To make sure that certain domain specific words are weighted higher and are more often used in topic representations, you can set any number of seed_words in the bertopic.vectorizer.ClassTfidfTransformer. The ClassTfidfTransformer is the base representation of BERTopic and essentially represents each topic as a bag of words. As such, we can choose to increase the importance of certain words, such as "TNM".

To do so, let's take a look at an example. We have a dataset of article abstracts and want to perform some topic modeling. Since we might be familiar with the data, there are certain words that we know should be generally important. Let's assume that we have in-depth knowledge about reinforcement learning and know that words like "agent" and "robot" should be important in such a topic were it to be found. Using the ClassTfidfTransformer, we can define those seed_words and also choose by how much their values are multiplied.

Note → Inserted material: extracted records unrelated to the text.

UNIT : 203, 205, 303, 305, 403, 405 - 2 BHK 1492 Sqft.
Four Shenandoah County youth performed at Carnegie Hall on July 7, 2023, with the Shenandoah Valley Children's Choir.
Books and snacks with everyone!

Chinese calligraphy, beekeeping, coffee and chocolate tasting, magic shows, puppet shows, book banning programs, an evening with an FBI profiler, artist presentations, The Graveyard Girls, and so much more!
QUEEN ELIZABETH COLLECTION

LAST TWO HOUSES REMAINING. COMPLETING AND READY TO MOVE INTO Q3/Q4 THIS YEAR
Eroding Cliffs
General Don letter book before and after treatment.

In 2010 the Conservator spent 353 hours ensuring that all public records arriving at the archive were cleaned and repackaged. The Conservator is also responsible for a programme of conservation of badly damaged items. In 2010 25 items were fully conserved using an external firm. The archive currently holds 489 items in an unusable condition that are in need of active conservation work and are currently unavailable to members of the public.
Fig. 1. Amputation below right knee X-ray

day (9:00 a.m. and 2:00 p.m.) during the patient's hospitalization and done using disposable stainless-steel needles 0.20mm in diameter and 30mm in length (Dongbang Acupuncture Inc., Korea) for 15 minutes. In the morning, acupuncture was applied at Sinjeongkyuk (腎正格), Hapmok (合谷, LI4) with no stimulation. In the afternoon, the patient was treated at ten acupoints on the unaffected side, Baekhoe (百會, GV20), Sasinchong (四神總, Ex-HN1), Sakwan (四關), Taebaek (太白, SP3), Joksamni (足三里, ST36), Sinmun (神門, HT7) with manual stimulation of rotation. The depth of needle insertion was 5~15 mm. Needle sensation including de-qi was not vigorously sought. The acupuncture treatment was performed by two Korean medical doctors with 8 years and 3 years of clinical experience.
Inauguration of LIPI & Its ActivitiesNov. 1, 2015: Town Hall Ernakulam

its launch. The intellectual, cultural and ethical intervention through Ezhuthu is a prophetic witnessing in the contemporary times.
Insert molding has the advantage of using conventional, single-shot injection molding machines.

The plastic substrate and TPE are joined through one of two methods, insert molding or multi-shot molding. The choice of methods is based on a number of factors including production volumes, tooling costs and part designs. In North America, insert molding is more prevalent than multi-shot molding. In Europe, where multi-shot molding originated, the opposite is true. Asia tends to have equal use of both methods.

The full example is then as follows:

from umap import UMAP
from datasets import load_dataset
from bertopic import BERTopic
from bertopic.vectorizers import ClassTfidfTransformer

# Let's take a subset of ArXiv abstracts as the training data
dataset = load_dataset("CShorten/ML-ArXiv-Papers")["train"]
abstracts = dataset["abstract"][:5_000]

# For illustration purposes, we make sure the output is fixed when running this code multiple times
umap_model = UMAP(n_neighbors=15, n_components=5, min_dist=0.0, metric='cosine', random_state=42)

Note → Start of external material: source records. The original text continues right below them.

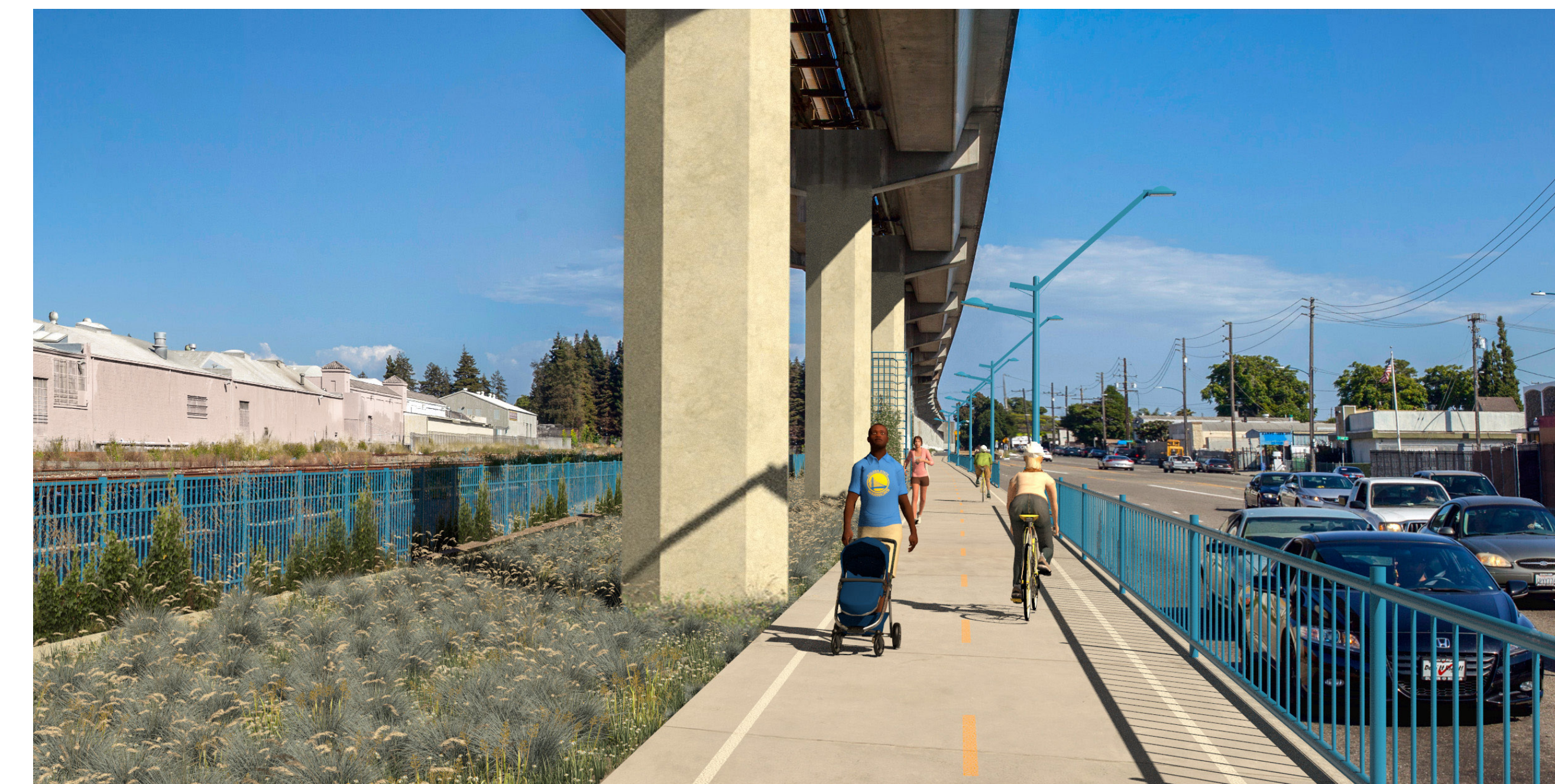
East Bay Greenway simulated image

Phase 2: The Urban Trail Project is the long-term plan and will provide an off-street trail with linear, park-style enhancements, but requires right-of-way acquisition from Union Pacific Railroad.
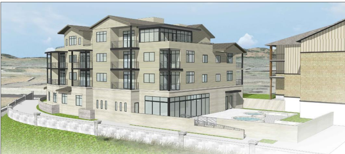
FIGURE 6 – WESTIN HOTEL EXPANSION (SOUTH ELEVATION) WITH LANDSCAPING
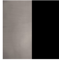
Pewter/Black - PWB
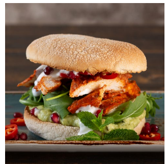
FROBRE28 Gourmet Sliced Sourdough Bun 6 x 9 x 90g Was £22.67 Now £19.85
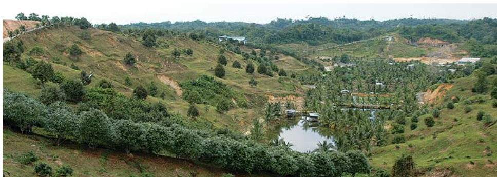
Soon Hup Farm
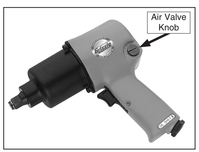
Figure 1. Model G5347

Attach any ½" drive socket onto your air impact wrench. To change the rotational direction, push the air valve knob. To adjust the torque setting, turn the air valve knob from 0 to 5, 5 being the highest setting ( Figure 1 ). Connect the impact wrench to an air line regulated at 90 PSI.
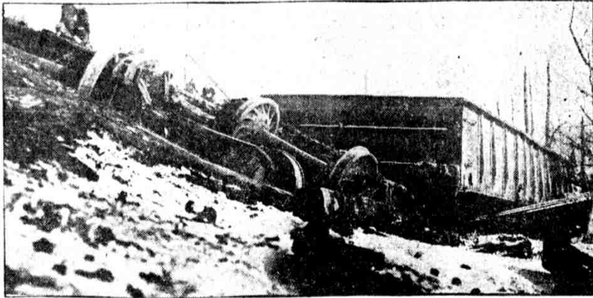
A PART OF THE PENNSYLVANIA RAILROAD SPILL. While five tracks were covered with wreckage at Plainsboro, N. J., most of yesterday, some of the wrecked cars went over the embankment. It will take several days to clear up the debris.
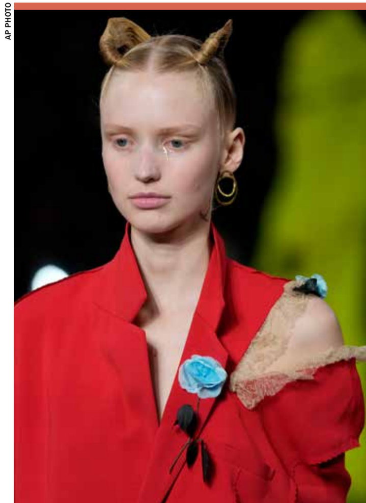
A model wears a creation for Undercover ready-to-wear Spring/Summer 2023 fashion collection

One unique bustier was created with the bark from chestnut trees, while looks in basketweave were fashioned from materials out of bogs and meadows, all softened in water for an ethnic look.
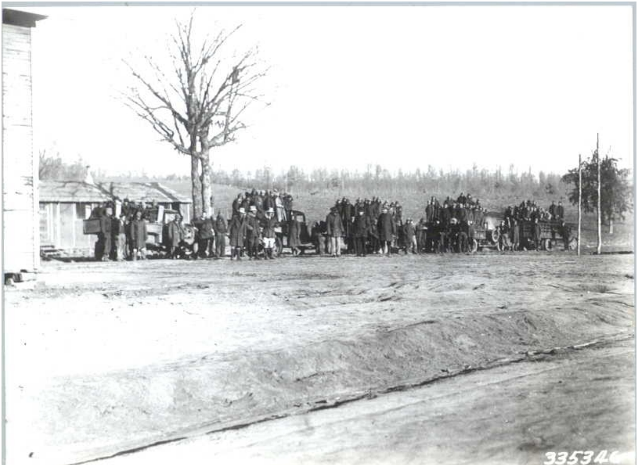
CCC Boys, early morning, going to work, Camp Moore, November 1936.

As are many historic sites on the Ozark-St. Francis National Forests, this site has been recorded with the Arkansas Archeological Survey as 3NW0609. According to the CCC Alumni website, this camp is Company #745, Project #F-24, and organized on 31 May 1933. http://www.cccalumni.org/states/ARKANSAS.html . The project number was assigned by the state. The F indicates a National Forest Project. The camp newspaper was called the Moore Breeze. The camp was located west of Richland Creek in Jones Township, in SE corner of Newton County and north of the communities of Ben Hur and Moore.
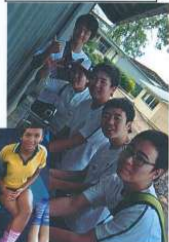
Japanese Agricultural Visit
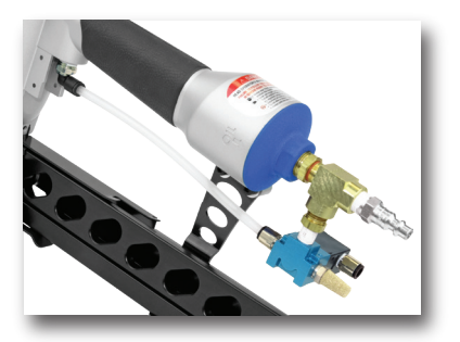
Normally OFF with Air Pilot

# We can choose any number of seed words for which we want their representation
# to be strengthen. We increase the importance of these words as we want them to be more
# likely to end up in the topic representations.
ctfidf_model = ClassTfidfTransformer(
    seed_words=["agent", "robot", "behavior", "policies", "environment"], 
    seed_multiplier=2
)

# We run the topic model with the seeded words
topic_model = BERTopic(
    umap_model=umap_model,
    min_topic_size=15,
    ctfidf_model=ctfidf_model,
).fit(abstracts)

Then, when we run topic_model.get_topic(0), we get the following output:

[('policy', 0.023413102511982354),
 ('reinforcement', 0.021796126795834238),
 ('agent', 0.021131601305431902),
 ('policies', 0.01888385271486409),
 ('environment', 0.017819874593917057),
 ('learning', 0.015321710504308708),
 ('robot', 0.013881115279230468),
 ('control', 0.013297705894983875),
 ('the', 0.013247933839985382),
 ('to', 0.013058208312484141)]

As we can see, the output includes some of the seed words that we assigned. However, if a word is not found to be important in a topic than we can still multiply its importance but it will remain relatively low. This is a great feature as it allows you to improve their importance with less risk of making words important in topics that really should not be.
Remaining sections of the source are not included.